(WHAT YOU SHOULD DO)
Transcribe the listing below exactly, leaving out each image.

(SUPPLIED DATA)
━━━━━━━━━━━━━━━━━━━━
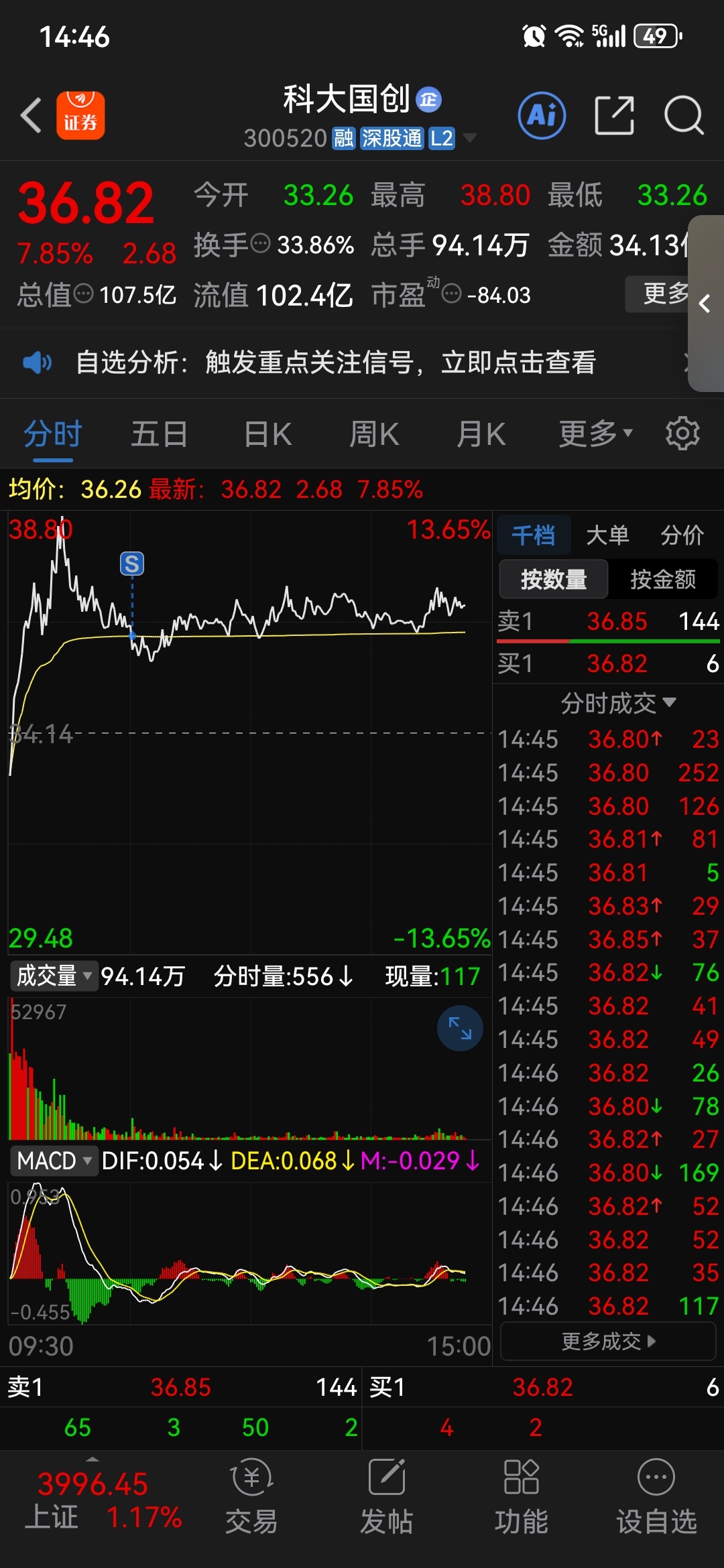 $科大国创(SZ300520)$ 分时均线上卖了,也不知有没有卖飞
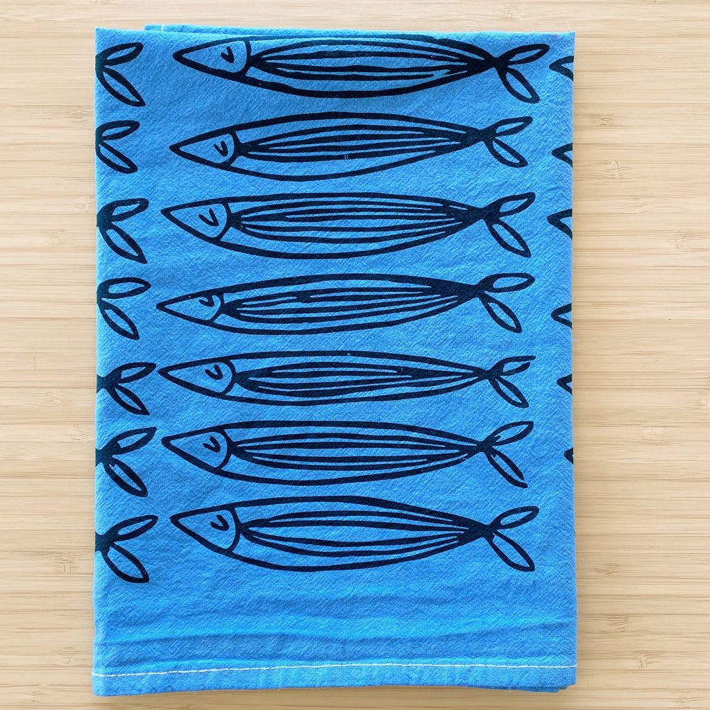Blue Sardines 20" Tea Towel - Silkscreened 100% Cotton
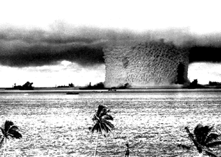 JULY 1--Operation Cross Roads--Tests to determine effects of atomic bombs on naval targets were conducted at Bikini Atoll in the Pacific. In the first test, a Nagasaki-type bomb, dropped from a B-29 at 30,000 feet on ships anchored in the lagoon, sank five of them outright and did heavy damage to nine others.
━━━━━━━━━━━━━━━━━━━━
(WORKED SOLUTION)
 $科大国创(SZ300520)$ 分时均线上卖了,也不知有没有卖飞
Blue Sardines 20" Tea Towel - Silkscreened 100% Cotton
 JULY 1--Operation Cross Roads--Tests to determine effects of atomic bombs on naval targets were conducted at Bikini Atoll in the Pacific. In the first test, a Nagasaki-type bomb, dropped from a B-29 at 30,000 feet on ships anchored in the lagoon, sank five of them outright and did heavy damage to nine others.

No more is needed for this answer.